The question isn't who is going to let me; it's who is going to stop me. --Ayn Rand

21.10.07

Drew versus China

I am sitting at the airport getting ready to head to Shanghai for four days to participate in software training for Fair Isaac. I hope to socialize every night and meet the weekday Shanghai drunks. It should be fabulous.

But recently my days haven't all been kittens and rainbows. The last week has been fairly horrible. Work has been stressful, but that is not really what put me on edge. After work I would get home between 6 and 8pm and just want to hide away in bed. I would close my door and around 9pm just go to sleep while my roommates wondered what happened to me. Each night I realized more and more that besides TB, I don't have any close friends here. Only one person I can rely on to see during the week.

On Friday, when I arrived at work, I discovered that my work visa application was rejected. I nearly screamed. My whole trip to HongKong that I had planned needed to be rescheduled. Plus, I don't have too long to leave the country before my current visa expires.

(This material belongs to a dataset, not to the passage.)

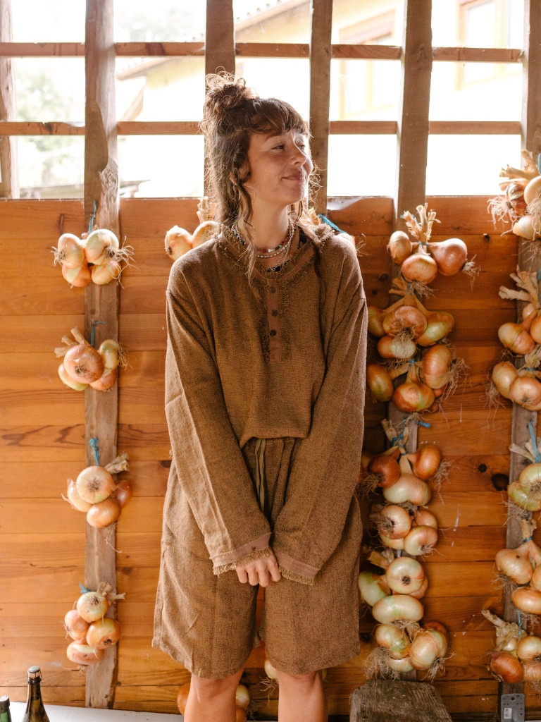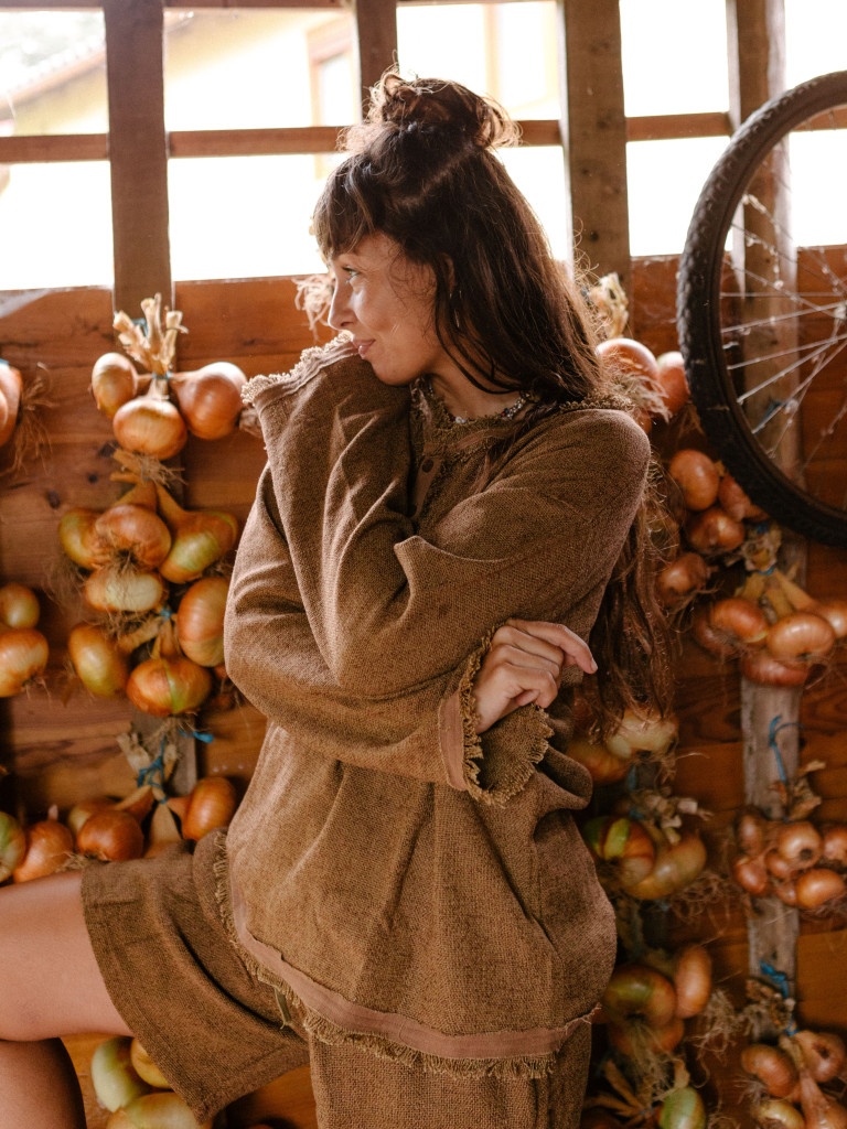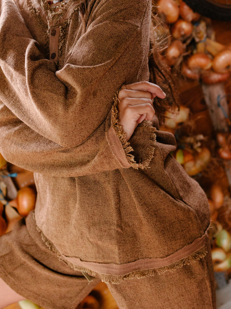 La camiseta es de manga larga y tiene botones de coco en el cuello. Rematamos la pieza con flecos en la parte de abajo, un sello de identidad entre nosotras.

Around 3pm I had calmed down a bit. We found a new agent, and I think everything should proceed smoothly. I left work at 5pm still frazzled and hid in starbucks with my computer for the next two and a half hours. When I emerged I felt satisfied and refreshed. I forgot just how much I coffee shops mean to my future. It's an integral part of my future dream.

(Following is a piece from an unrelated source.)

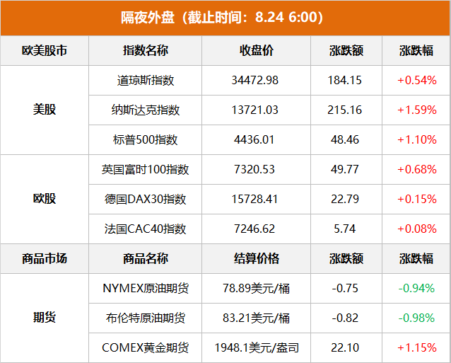 美股:标普500指数收涨48.46点,涨幅1.10%,报4436.01点。道指收涨184.15点,涨幅0.54%,报34472.98点。纳指收涨215.16点,涨幅1.59%,报13721.03点。 欧股:德国DAX 30指数收涨0.15%,报15728.41点。法国CAC 40指数收涨0.08%,报7246.62点。英国富时100指数收涨0.68%,报7320.53点。 亚太股市:8月23日,香港恒生指数收涨0.31%,报17845.92点;恒生科技指数收涨0.2%,报4008.86点;日经225指数收涨0.50%,报32044.50点。韩国KOSPI指数收跌0.41%,报2505.50点。

That is to say, one of my requirements for a future home is that I can find a cafe/shop/kiosk where I can escape and relax for hours a day. Me sitting in a small cafe with a computer sipping moca for three hours a day is pretty important for my future health.

Speaking of health, I joined a gym recently. It was extremely expesive, but in the end worth it. Good facilities, nice atmosphere, few people but they are all cute. I will try to go every day.